What Credential Stuffing is and how to protect yourself

A total of 500 million Zoom accounts are sold on the dark web thanks to "fill in credentials".

It is a common way for criminals to access online accounts. Here is what this term means and how you can protect yourself.

It starts with databases and password leakage

Attacks against online services are common. Criminals often exploit loopholes systems to obtain databases of usernames and passwords. Databases of stolen login credentials are often sold online on the dark web, with criminals paying in Bitcoin for the privilege of accessing the database.

Let's say you had an Avast forum account, which was hacked in 2014. This o was hacked and criminals may have your Avast forum username and password. Avast contacted you to change your password on their forum, so what's the problem?

Unfortunately, this can be bypassed-but not unless you're a techie who knows what he's doing. Suppose the login details for the Avast forum were "you@example.com" and "gamatoPassword". If you are logged in to other sites with the same username (your email address) and password, any criminal who obtains leaked passwords can access these other accounts.

Monitoring credentials in action

"Credential stuffing" involves the use of these databases by leaking connection information and attempting to connect to other Internet services.

Criminals obtain large databases of username and password combinations that have been leaked - often millions of login credentials - and try to link to other sites. Some people reuse the same password on multiple sites, so something will fit. This can generally be automated with software, quickly testing many connection combinations.

In other words, "hackers" fill in all these login credentials on the login form and see what happens. Some of them are sure to work.

This is one of the most common ways for hackers to hack online accounts these days. In 2018 alone, the Akamai content network recorded approximately 30 billion attacks with credentials.

How to protect yourself

Protecting yourself from completing credentials is very simple and you should follow the same password security practices that have been recommended by security experts for years. There is no magic solution - just good passwords:

  • Avoid reusing passwords: Use a unique password for each account you use online. This way, even if your password is leaked, it cannot be used to link to other sites. Intruders may try to fill out your credentials on other login forms, but they will not work.
  • Using a Password Manager: Storing strong unique passwords is almost impossible if you have accounts on several sites and almost everyone does. We recommend that you use a password manager like KeePass who will "remember" the passwords for you.
  • Enable two-factor authentication: With two-step authentication, you need to provide something else - such as a password generated by an app or sent to you via SMS - each time you link to a website. Even if an attacker has your username and password, he or she will not be able to log in to your account without this password.
  • Receive notifications in the event of a data leak: With a service like Have I Have Pwned? you may be notified when your credentials appear in a leak.

How services can protect against credentials

There are many ways to protect online services from attacks with credentials.

  • Scan Database Leaks for User Codes: Facebook and Netflix scan leaked databases for passwords that exist on their own services. If there is a match, Facebook or Netflix may ask the user to change their password.
  • Two-factor authentication offer: The they should be able to choose two-factor authentication to secure their online accounts. Particularly sensitive services can make this function mandatory.
  • CAPTCHA requirement: If a login attempt seems strange, a service may require you to enter a CAPTCHA code that appears in an image or by clicking on another form to verify that a person - not a bot - is trying to log in.
  • Limit repetitive connection attempts: Services should try to exclude bots from attempting a large number of login attempts in the short term. Modern sophisticated bots may try to connect to multiple IP addresses at once to disguise their efforts.
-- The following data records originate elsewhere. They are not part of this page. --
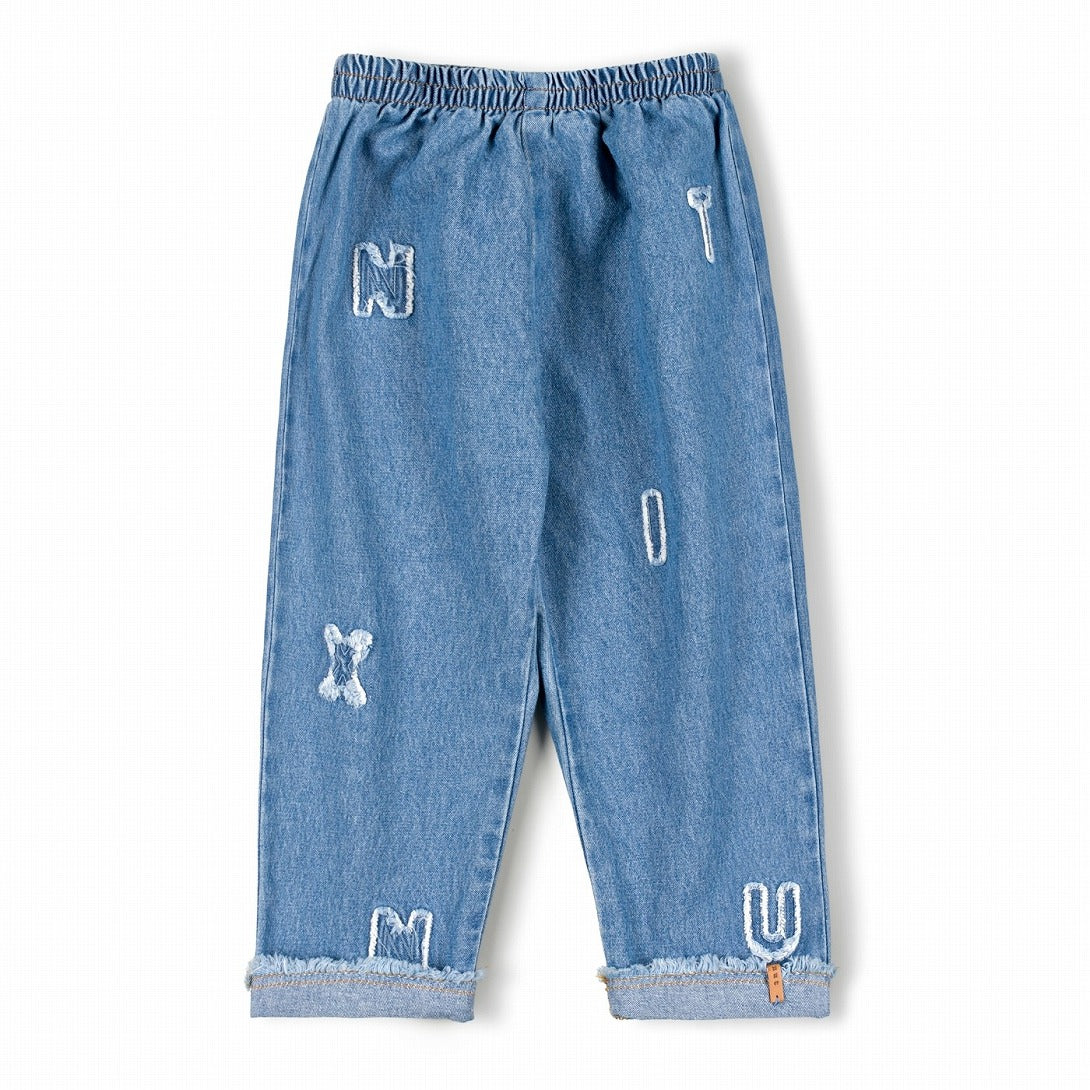 アルファベット刺繍が散りばめられた、遊び心あふれるデニムパンツ。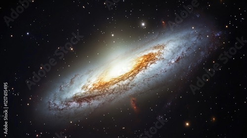 Wall mural : Spiral galaxy with bright core and surrounding stars in deep space with dark background and copy spa
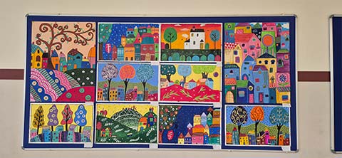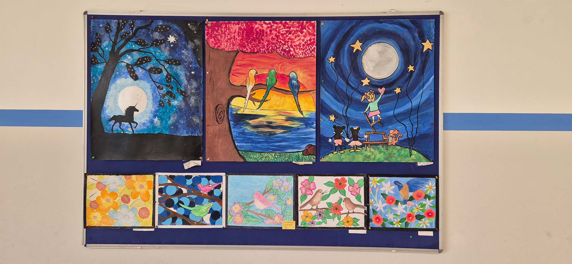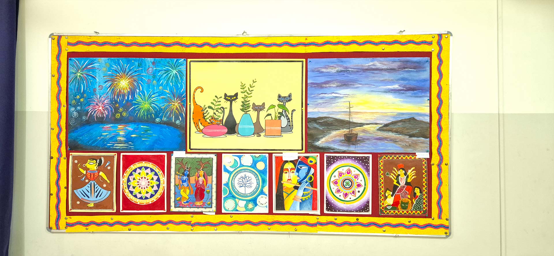 The Annual Art Exhibition, held from 11 February 2025 onwards, displayed a remarkable collection of artwork created by students from Grades 1 to 10. The Art Room came alive in a riot of colour, where every wall and corner burst with creativity, imagination, and ingenuity. The school’s corridors, too, reflected this artistic energy, as bulletin boards were adorned with vibrant paintings and murals.
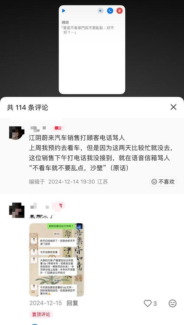 事实上,这类极端言行并非孤例。2024年12月,江苏江阴的一名蔚来销售就因客户未能按约看车,在语音信箱中留下了带有辱骂词汇的留言。在那起事件中,博主最终通过投诉渠道拿到了蔚来内部的处罚文件,显示涉事销售被处以严重警告,并签署了为期半年的CIP考核协议,其间不仅停发线上线索、不得晋升,还需在门店公开检讨。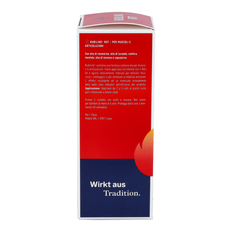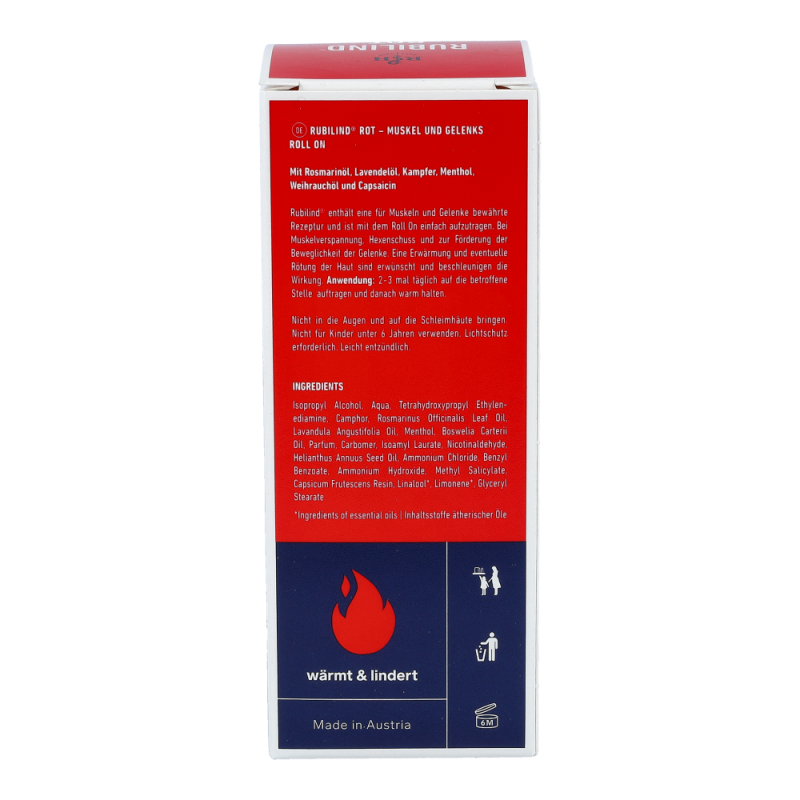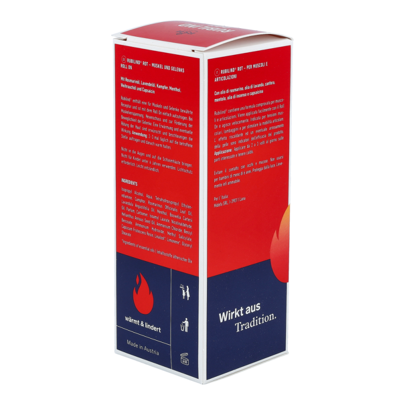 Rubilind enthält sowohl Lavendelöl, welches bereits seit der Antike als vielseitige Heilpflanze verwendet wird, als auch das wertvolle Rosmarinöl und Kampfer, welche für die durchblutungsfördernde und lockernde Wirkung auf den gesamten Bewegungsapparat geschätzt werden. Kampfer wird mittels Wasserdampfdestillation aus sämtlichen Teilen des Kampferbaums gewonnen. Die wärmende Wirkung erhält Rubilind Rot durch Nicotinaldehyd und das enthaltene Capsaicin, welches aus der Chilischote gewonnen wird.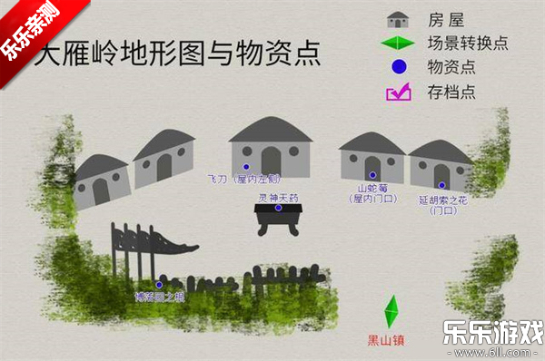 流程:进左侧屋内与玉儿对话→出门与张烈对话→(6日后)进中间帐篷与张烈对话→前往卢家渡。大雁岭地图如下。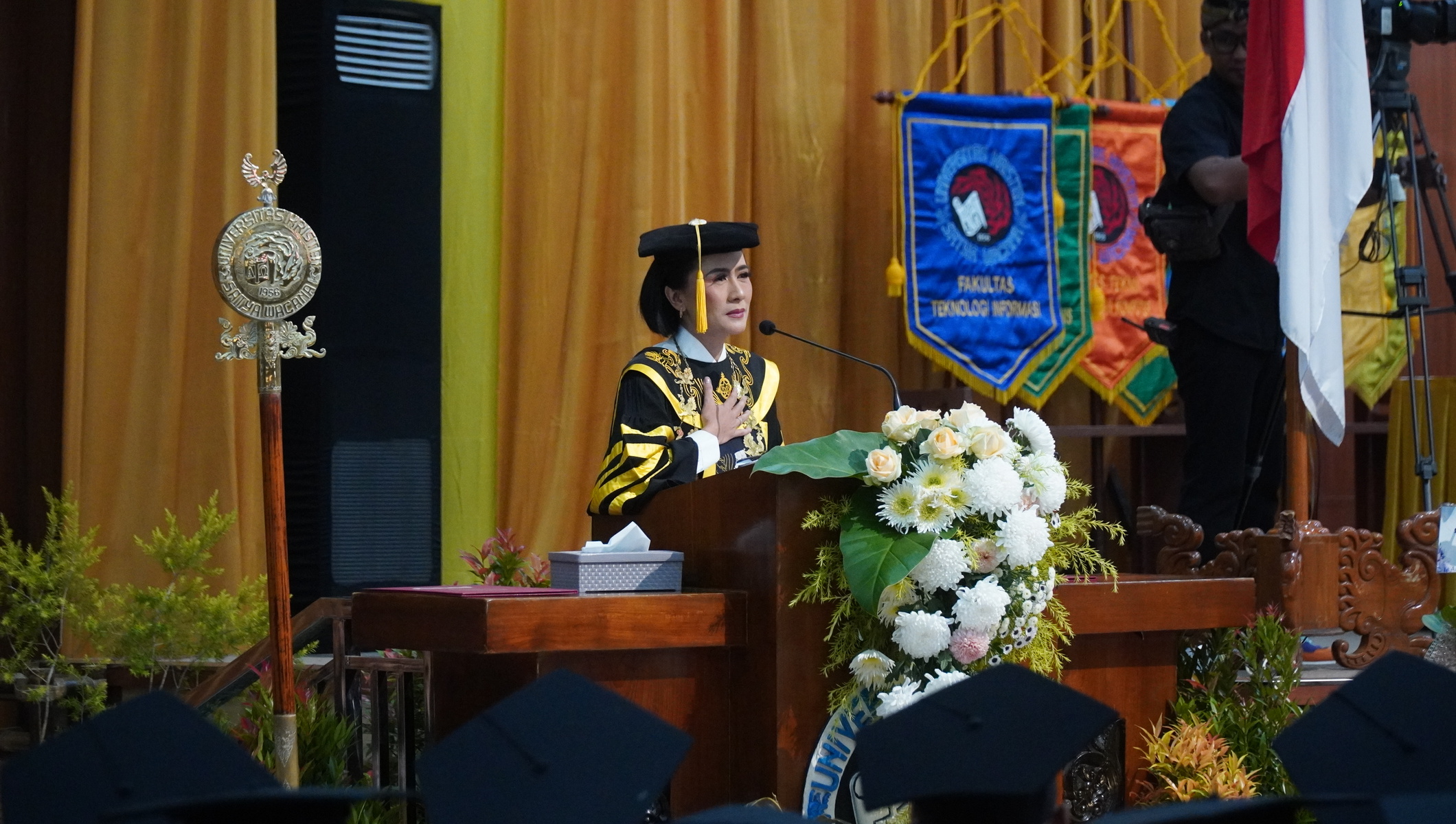 Upacara Wisuda Periode III ini dipimpin oleh Ketua Senat UKSW Profesor Apriani Dorkas Rambu Atahau, S.E., M.Com., Ph.D. Selain Senator UKSW, momen wisuda kali ini juga turut dihadiri Bendahara Pengurus Yayasan Perguruan Tinggi Kristen Satya Wacana (YPTKSW) Rina Rahmawati dan Ketua Bagian Patologi Anatomi Fakultas Kedokteran Universitas Sam Ratulangi Manado Dr. Carla Felly Kairupan.

Bad password practices - and, to be fair, insecure internet systems are very easy to break. So it is no wonder that many companies in the technology industry want to develop more secure systems without passwords.

 

iGuRu.gr The Best Technology Site in Greecefgns

every publication, directly to your inbox

Join the 2.086 registrants.

Credential stuffing

Written by Anastasis Vasileiadis

Translations are like women. When they are beautiful they are not faithful and when they are faithful they are not beautiful.

Leave a reply

Your email address is not published. Required fields are mentioned with *

Your message will not be published if:
1. Contains insulting, defamatory, racist, offensive or inappropriate comments.
2. Causes harm to minors.
3. It interferes with the privacy and individual and social rights of other users.
4. Advertises products or services or websites.
5. Contains personal information (address, phone, etc.).